The Kocher article identifies itself as a Level of Evidence (LOE) III retrospective study.  Yet "poor or nonindependent reference standards," here the arbitrary post-hoc exclusions, would appear to reduce the level of evidence at least to Level IV.  Nor is it clear precisely what a level of evidence would mean without a formulation of which patients the study would apply to at presentation.  The JBJS is not clear on who is to designate a study's level of evidence. Levels of evidence would be more impartially assigned by an independent panel of methodology reviewers following consistent methodological standards rather than the study authors, who have a vested interest claiming the most robust level of evidence possible.
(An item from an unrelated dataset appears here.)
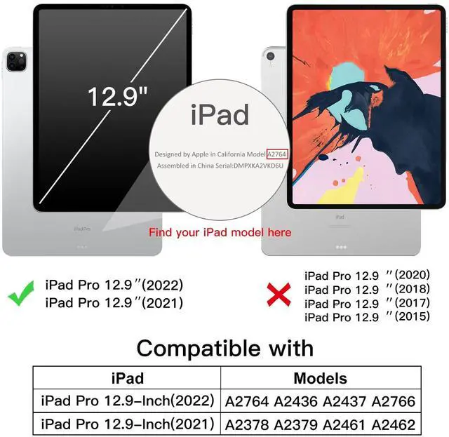 • [Compatibility] Designed for iPad Pro 12.9-Inch (2022/2021 Model, 5th/6th Generation, NOT for 2015/2017/2018/2020 Model, 1st/2nd/3th/4th Generation). Fits iPad Models: A2436 A2764 A2437 A2766 A2378 A2379 A2461 A2462. Please check back bottom of your iPad to find the model number

Based on the authors' methodology, one would not expect independent researchers conducting a truly perspective study to come anywhere close to reproducing the original authors' claims of predictive value for their factors identified.  This is what has occurred. Multiple studies over more than two decades have demonstrated far lower predictive value of the Kocher Criteria than claimed by the original authors.


Conclusion

Outside research has consistently found the predictive accuracy of the Kocher Criteria to be lower than claimed in the original article.  The exclusion of over 40% of children presenting with hip pain in the original study undermines its predictive claims.  Fever, weightbearing status, white blood cell count, erythrocyte sedimentation rate, and (in the Caird modification of the Kocher criteria) the C-reactive protein provide valuable clinical information.  Limitations of the model should be kept in mind and all relevant clinical factors considered.


References

[1] Kocher MS, Zurakowski D, Kasser JR. Differentiating between septic arthritis and transient synovitis of the hip in children: an evidence-based clinical prediction algorithm. J Bone Joint Surg Am. 1999;81(12):1662-1670. Level III retrospective study [claimed]

[2] Luhmann SJ, Jones A, Schootman M, Gordon JE, Schoenecker PL, Luhmann JD. Differentiation between septic arthritis and transient synovitis of the hip in children with clinical prediction algorithms. J Bone Joint Surg Am. 2004;86(5):956-962. doi:10.2106/00004623-200405000-00011.

[3] Caird MS, Flynn JM, Leung YL, Millman JE, D'Italia JG, Dormans JP. Factors distinguishing septic arthritis from transient synovitis of the hip in children. A prospective study. J Bone Joint Surg Am. 2006;88(6):1251-1257. doi:10.2106/JBJS.E.00216. Level II prospective cohort study*

[4] Sultan J, Hughes PJ. Septic arthritis or transient synovitis of the hip in children: the value of clinical prediction algorithms. J Bone Joint Surg Br. 2010;92(9):1289-1293. doi:10.1302/0301-620X.92B9.24286

[5] Nickel AJ, Bretscher BS, Truong WH, Laine JC, Kharbanda AB. Novel Uses of Traditional Algorithms for Septic Arthritis. J Pediatr Orthop. 2022;42(2):e212-e217. doi:10.1097/BPO.0000000000002024. Level III retrospective study

[6] Obey MR, Minaie A, Schipper JA, Hosseinzadeh P. Pediatric Septic Arthritis of the Knee: Predictors of Septic Hip Do Not Apply. J Pediatr Orthop. 2019;39(10):e769-e772. doi:10.1097/BPO.0000000000001377. Level III retrospective study


Any opinions expressed are solely those of the author and not those of Cure 4 The Kids Foundation.